### Zero-Determinant Strategies in the Iterated Prisoner’s Dilemma

#### Posted by Mike Shulman

*A note to those arriving from the article in the Chronicle of Higher Education: my opinion may not have been accurately represented in that article. Please read my whole post and judge for yourself.*

Usually I blog about things because I am excited about them, but today is a little different. Not that I’m *not* excited about this post, but recently I’ve been too busy with other things to do much blogging. However, what excitement can’t do, annoyance can, and I’m getting tired of seeing this (amazing, surprising, insightful, groundbreaking) paper subject to hype and (what seems to me to be) misinterpretation.

- William Press and Freeman Dyson,
*Iterated Prisoner’s Dilemma contains strategies that dominate any evolutionary opponent*, PNAS open access, March 2012.

If you don’t know what the prisoner’s dilemma is, Wikipedia has a fairly good article. The important things to take away are that

- At first, it seems like defection is the only rational strategy, but
- When the game is played over and over again, there can be an advantage to cooperation.

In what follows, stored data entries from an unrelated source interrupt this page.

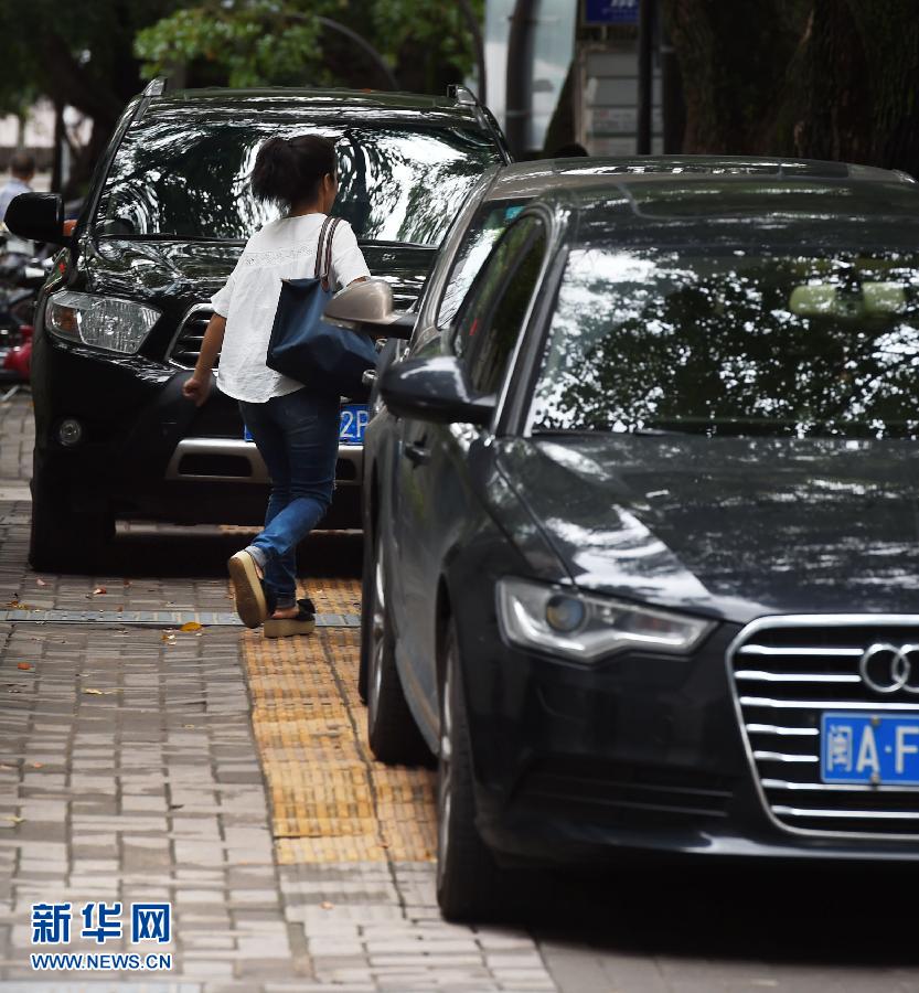 在福建省福州市鼓屏路,盲道不仅被汽车随意占用,还在近处“戛然而止”成了“断头盲道”(10月9号摄)。中国有世界最大的盲人群体:2014年的统计数字是500万,还有数以千万计的视力残疾人。中国已经有全球长度最长、分布最广的盲道。但有形的或无形的,外在的或心灵的障碍还是横亘在盲人和外部世界之间。 10月15日,又一个“国际盲人节”(白手杖节)到来之前,新华社记者带你走入盲人独有的平行世界,关注一个不仅这个日子应该关注的话题。新华社记者宋为伟 摄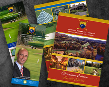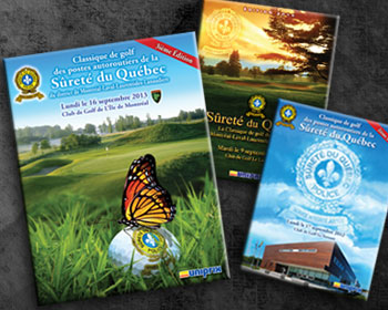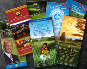 Conception graphique et mise en page de dépliants promotionnels de tournois de golf.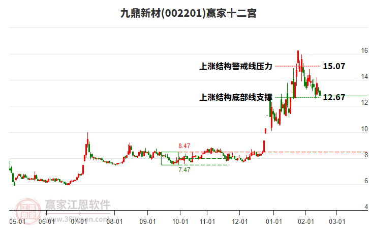 2月13日股價(jià)處在2022年6月14日形成的上漲結(jié)構(gòu)底部線與警戒線之間,今日股價(jià)小幅下跌3.03%,目前處于底部線上方。依據(jù)贏家十二宮多空能量守恒規(guī)則,上漲結(jié)構(gòu)底部線位置是多空能量轉(zhuǎn)換的一個(gè)關(guān)鍵位置。如底部線12.67支撐不破,由多方能量主導(dǎo)上攻,在警戒線15.07尋找多空能量平衡。如跌破底部線,空方動(dòng)能占據(jù)主導(dǎo),打開新的下跌空間。

The first point is easy to see: defection is a dominant strategy, and mutual defection is the only Nash equilibrium.

The second point can be made both *experimentally* and *theoretically*. On the experimental side, in computer tournaments of iterated prisoner’s dilemma, the strategy **TIT FOR TAT** (or a small variation thereof) almost invariably accumulates the highest total scores. TIT FOR TAT is a very simple strategy, which cooperates on the first round, and thereafter simply copies what its opponent did on the previous round — thereby rewarding cooperation with more cooperation and punishing defection with defection. If we add an “evolutionary” aspect to the tournament, with higher-scoring strategies reproducing more, then over time TIT FOR TAT and its variations come to dominate the landscape.

On the theoretical side, Robert Axelrod (who also performed the first computer tournaments, in the 1980s) proved various theorems. For instance, assuming the expected number of iterations is sufficiently large, TIT FOR TAT is *collectively stable*, meaning that no single mutant strategy in a population of TIT FOR TATs can average a better score than the wild types surrounding it. TIT FOR TAT is not unique in this way: for instance, the strategy ALWAYS DEFECT is also collectively stable. But TIT FOR TAT is furthermore collectively stable with respect to invasion by small *groups* of mutants, whereas a small group of TIT FOR TATs (who can cooperate with each other) can successfully invade a population of ALWAYS DEFECT. Axelrod wrote a classic book called *The Evolution of Cooperation* about the iterated prisoner’s dilemma and TIT FOR TAT, which is still a good read.

TIT FOR TAT does have a few drawbacks. For instance, imagine a “sneaky” strategy that tries defecting once or twice to see if its opponent is gullible, but otherwise plays TIT FOR TAT. An ordinary TIT FOR TAT playing against this strategy will end up in a cycle of mutual defection. The same thing happens in a “noisy” environment where occasional “random” defections happen even against the will of the players. In this sort of situation, slight modifications of TIT FOR TAT can do a bit better; one called GENEROUS TIT FOR TAT is like TIT FOR TAT but forgives its opponents’ defection about 1/10 of the time.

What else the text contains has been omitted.